# Task to carry out
Output nothing but the lines from the beginning of the listing below through the line containing "[서울=뉴스핌] 정일구 기자", exactly as they stand, without pictures.

# Given data

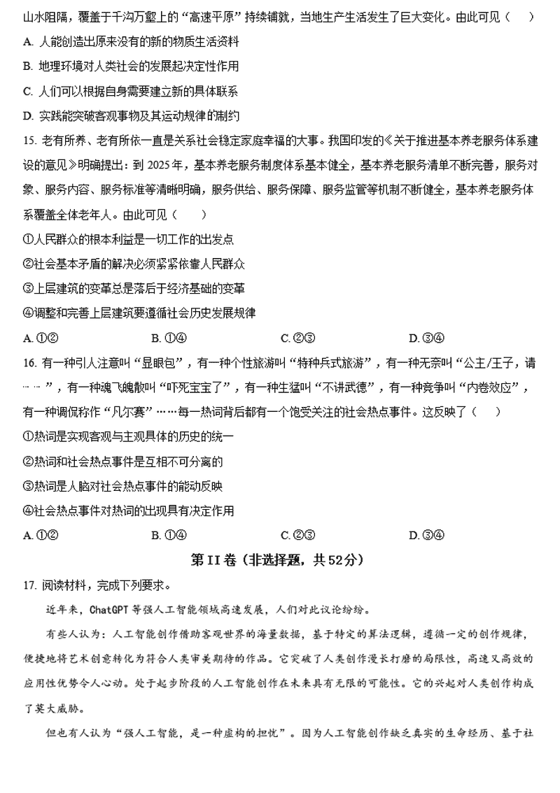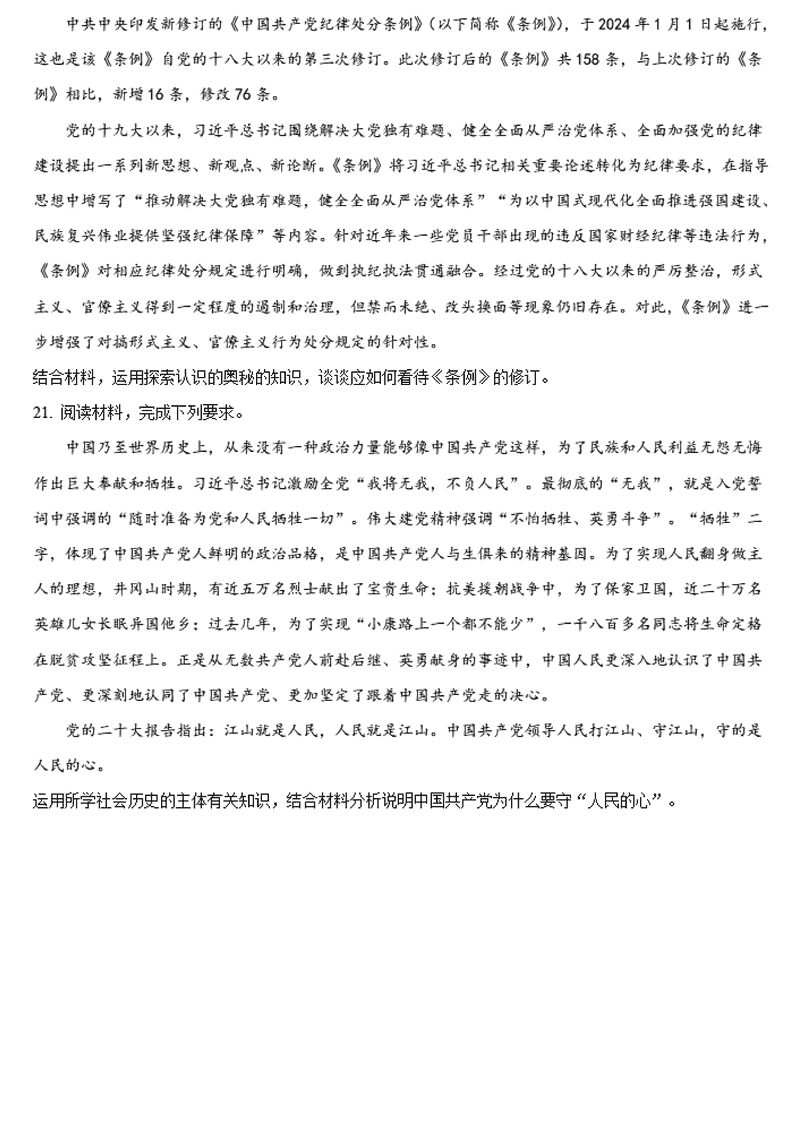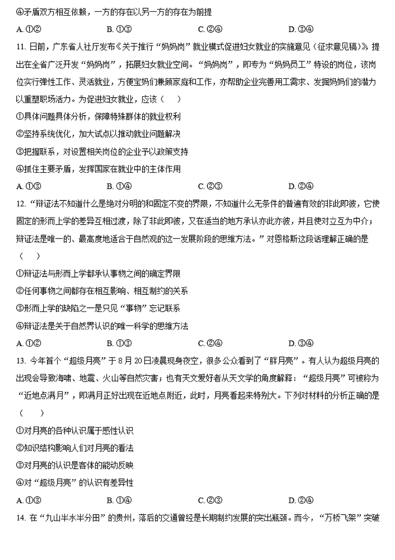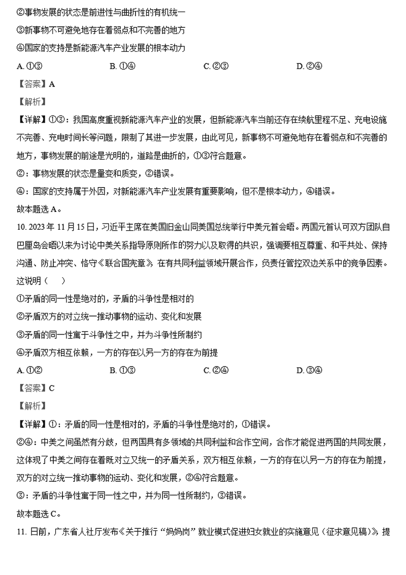 厦泉五校2024年11月高二上学期期中联考政治试题及答案
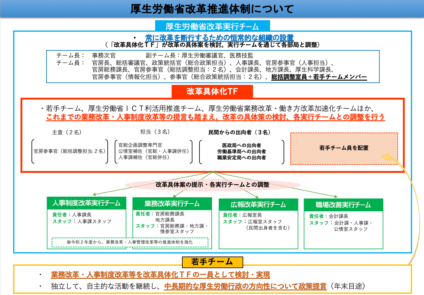 では、最後に、具体的に今、どのような改革が進んでいるのかについても、お話しさせていただきます。厚労省では、我々の提言を踏まえ、事務次官をトップとする「改革実行チーム」という組織ができました。今、若手チームはこの実行チームの改革プロジェクトに参加し、提言を実現していくための改革工程表づくりを進めています。体制としては、この図のような形ですね。
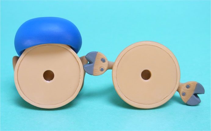 角と耳は着脱式になっており、帽子から頭に付け替えることが可能です。角がついた差し替え頭部を用意するよりは合理的という理由で生まれたギミックと思われますが、可笑しなところで原作に忠実になっていますw
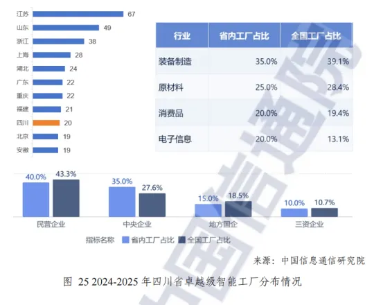 从产业结构来看,电子信息行业智能工厂占比显著高于全国水平,凸显出四川在全球电子信息 产业分工中形成的集群优势和技术积累;装备制造业虽整体占比略低于全国,但在电气机械、航空航天等高端领域仍保持扎实的产业基础,体现了制造业体系的广度与韧性。
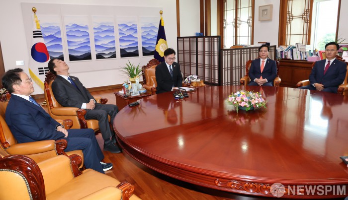 [서울=뉴스핌] 정일구 기자 = 허영 더불어민주당 정책수석부대표(왼쪽부터), 김병기 원내대표, 우원식 국회의장, 송언석 국민이힘 원내대표, 유상범 원내수석부대표가 25일 오후 서울 여의도 국회에서 열린 국회의장 주재 여야 원내대표 회동에서 무거운 표정으로 앉아 있다. 2025.09.25 mironj19@newspim.com |
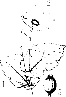 罂粟 1. 着花及果的植株 2. 花 3. 果实 罂粟别名大烟花。一年生或两年生草本,高30—300厘米。茎直立,分支,有白粉。基生叶具柄,长圆形或长卵形,茎生叶无柄,基部抱茎。花单生于茎顶,红色、粉红色、紫色或白色。种子细小,灰褐色。花期5—7月。公园及院落时见栽培。果皮的乳汁含植物碱,有毒,供药用,为镇静或镇痛剂,久服会上瘾。 罂粟罂粟科罂粟属1~2年生草本植物。公元7世纪传入中国。株高100~150 cm。全株无毛或疏具刚毛,不分枝,被白粉。叶卵形或长卵形,长7~25 cm,先端渐尖,基部心形,具不规则波状齿。茎生叶抱茎生长。花单生茎枝顶端,花梗长达25 cm,花瓣4,近圆形或近扇形,长4~7 cm,浅波状或分裂,白、粉红、红、紫或杂色。蒴果长圆状椭圆形,长4~7 cm。种子黑或灰褐色,种皮蜂窝状。种子多数,5~6月割取果实的乳汁,1个果实可采割3~4次。6~8月采收果实。由罂粟制成的鸦片中含有吗啡等20多种生物碱,其含量约为20%。花果期3~11月。原产南欧。药用,未熟果的汁液富含吗啡、罂粟碱等。加工入药,敛肺、止咳、止痛、安眠功效。罂粟属约100种,主产中欧、南欧和亚洲温带。中国产7种。很多种类是美丽的观赏花卉,如:虞美人一年生草本,茎、叶、花梗、萼片被淡黄花刚毛。茎分枝,茎生叶不抱茎。花色美丽。 罂粟yīng sù《本草纲目》谷部第23卷罂子粟(29)。药名。 罂粟opium poppy |
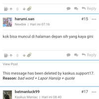 Kalo nanya ks di jawab gak kak sel? Klo kek gt brarti ada yg report hansip ya? dijawab kok. kasih aja link n screenshootnya. ini link postnya https://www.kaskus.co.id/show_post/5c0337b614088d94308b4567/16/- iya ada yg lapor hansip
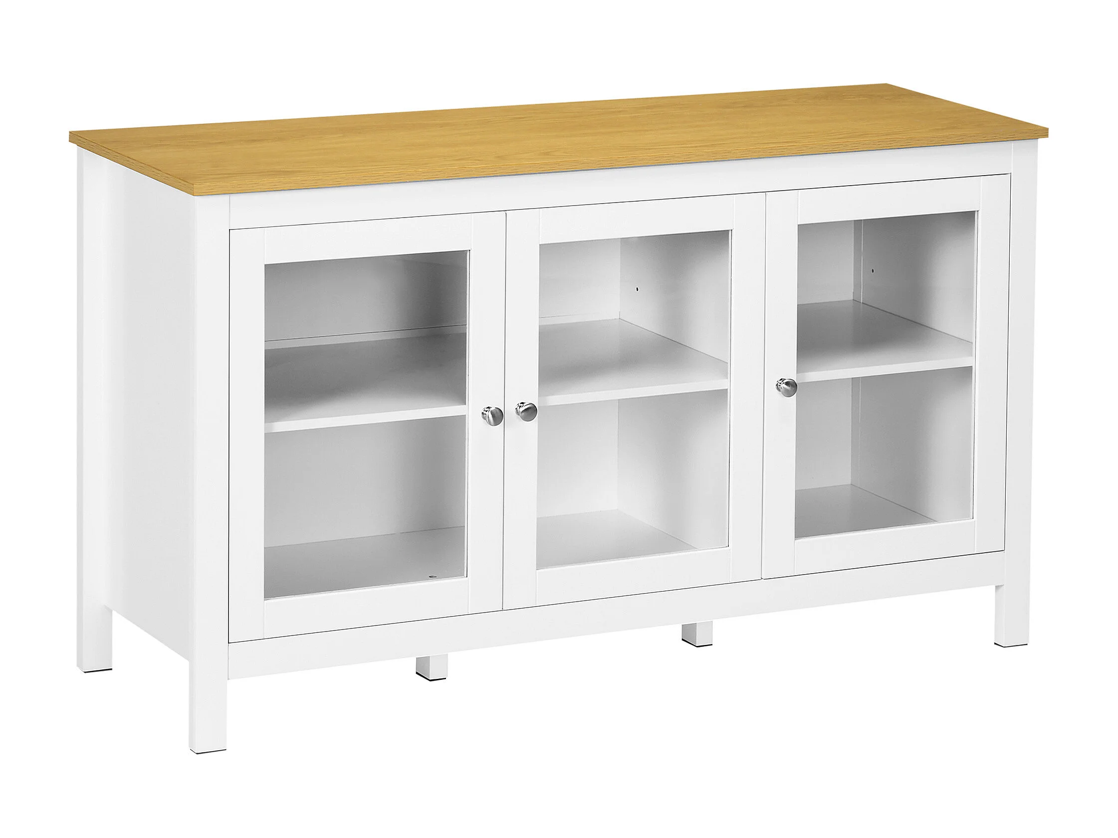 Buffet bas style classique chic - 3 portes vitrine verre, 2 étagères réglables - verre MDF panneaux blanc aspect bois clair

# Response to the task
 厦泉五校2024年11月高二上学期期中联考政治试题及答案
 では、最後に、具体的に今、どのような改革が進んでいるのかについても、お話しさせていただきます。厚労省では、我々の提言を踏まえ、事務次官をトップとする「改革実行チーム」という組織ができました。今、若手チームはこの実行チームの改革プロジェクトに参加し、提言を実現していくための改革工程表づくりを進めています。体制としては、この図のような形ですね。
 角と耳は着脱式になっており、帽子から頭に付け替えることが可能です。角がついた差し替え頭部を用意するよりは合理的という理由で生まれたギミックと思われますが、可笑しなところで原作に忠実になっていますw
 从产业结构来看,电子信息行业智能工厂占比显著高于全国水平,凸显出四川在全球电子信息 产业分工中形成的集群优势和技术积累;装备制造业虽整体占比略低于全国,但在电气机械、航空航天等高端领域仍保持扎实的产业基础,体现了制造业体系的广度与韧性。
 [서울=뉴스핌] 정일구 기자 = 허영 더불어민주당 정책수석부대표(왼쪽부터), 김병기 원내대표, 우원식 국회의장, 송언석 국민이힘 원내대표, 유상범 원내수석부대표가 25일 오후 서울 여의도 국회에서 열린 국회의장 주재 여야 원내대표 회동에서 무거운 표정으로 앉아 있다. 2025.09.25 mironj19@newspim.com |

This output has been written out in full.